• Collected material:
● ● ● ● ● ● ●
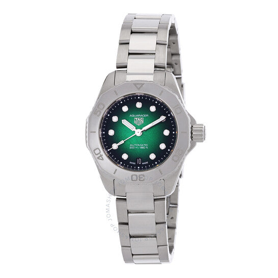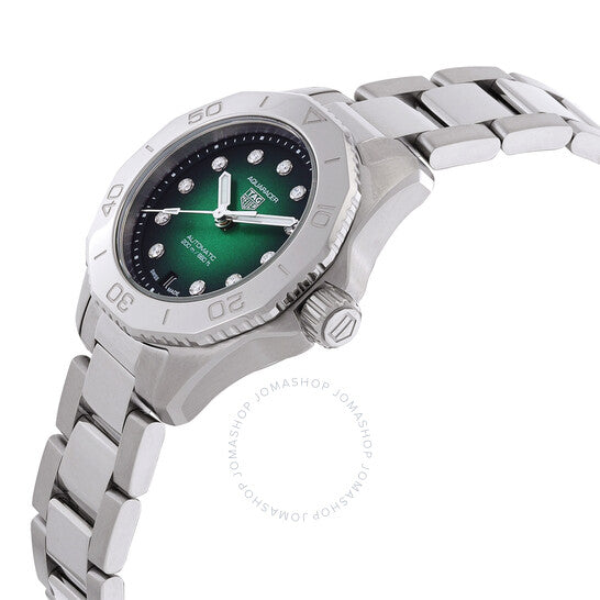 علبة وسوار من الفولاذ المقاوم للصدأ فضي اللون. إطار من الفولاذ المقاوم للصدأ فضي اللون. ميناء أخضر بعقارب فضية اللون وعلامات ساعات من الألماس. علامات دقائق حول الحافة الخارجية. نوع الميناء: تناظري. عقارب مضيئة. عرض التاريخ عند موضع الساعة السادسة. حركة تاغ هوير كاليبر 9 أوتوماتيكية، مبنية على سيليتا SW1000-1، تحتوي على 18 جوهرة، تنبض بمعدل 28800 ذبذبة في الساعة، ولديها احتياطي طاقة يدوم حوالي 40 ساعة. زجاج من الياقوت المقاوم للخدش. تاج لولبي. غطاء خلفي صلب. شكل العلبة دائري، مقاسها: 30 مم. مشبك قابل للطي بزر ضغط. مقاومة للماء حتى عمق 200 متر / 660 قدمًا. الوظائف: التاريخ، الساعة، الدقيقة، الثانية. معلومات إضافية: العلبة الأصلية، بطاقة الضمان الدولية، دليل الاستخدام (ملحقات كاملة). سلسلة أكواريسر. تصميم ساعة فاخرة. ملصق الساعة: صناعة سويسرية. ساعة تاج هوير أكواريسر أوتوماتيكية للسيدات بمينا أخضر مرصعة بالألماس WBP2415.BA0622.
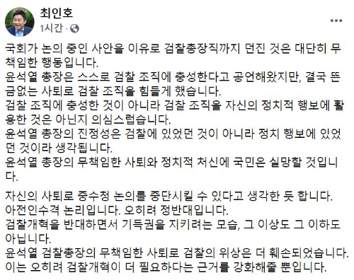 최인호 "국회가 논의 중인 사안을 이유로 총장직 던진 건 무책임"
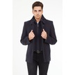 Sposo 1704 Çıkma Kapşonlu Yün Kaşe Lacivert Erkek Kaban Lacivert
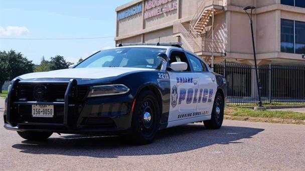 Un vehículo policial bloquea el paso cerca de una escena donde se cometió un delito junto a una oficina del Servicio de Inmigración y Control de Aduanas (ICE, por sus siglas en inglés), el jueves 25 de septiembre de 2025, en Dallas.
● ● ● ● ● ● ●
• Directions for this task:
Leave every picture out and print exactly the lines from the one that contains "사안을 이유로 총장직" through the last line of the material above.

• Completed exercise:
 최인호 "국회가 논의 중인 사안을 이유로 총장직 던진 건 무책임"
 Sposo 1704 Çıkma Kapşonlu Yün Kaşe Lacivert Erkek Kaban Lacivert
 Un vehículo policial bloquea el paso cerca de una escena donde se cometió un delito junto a una oficina del Servicio de Inmigración y Control de Aduanas (ICE, por sus siglas en inglés), el jueves 25 de septiembre de 2025, en Dallas.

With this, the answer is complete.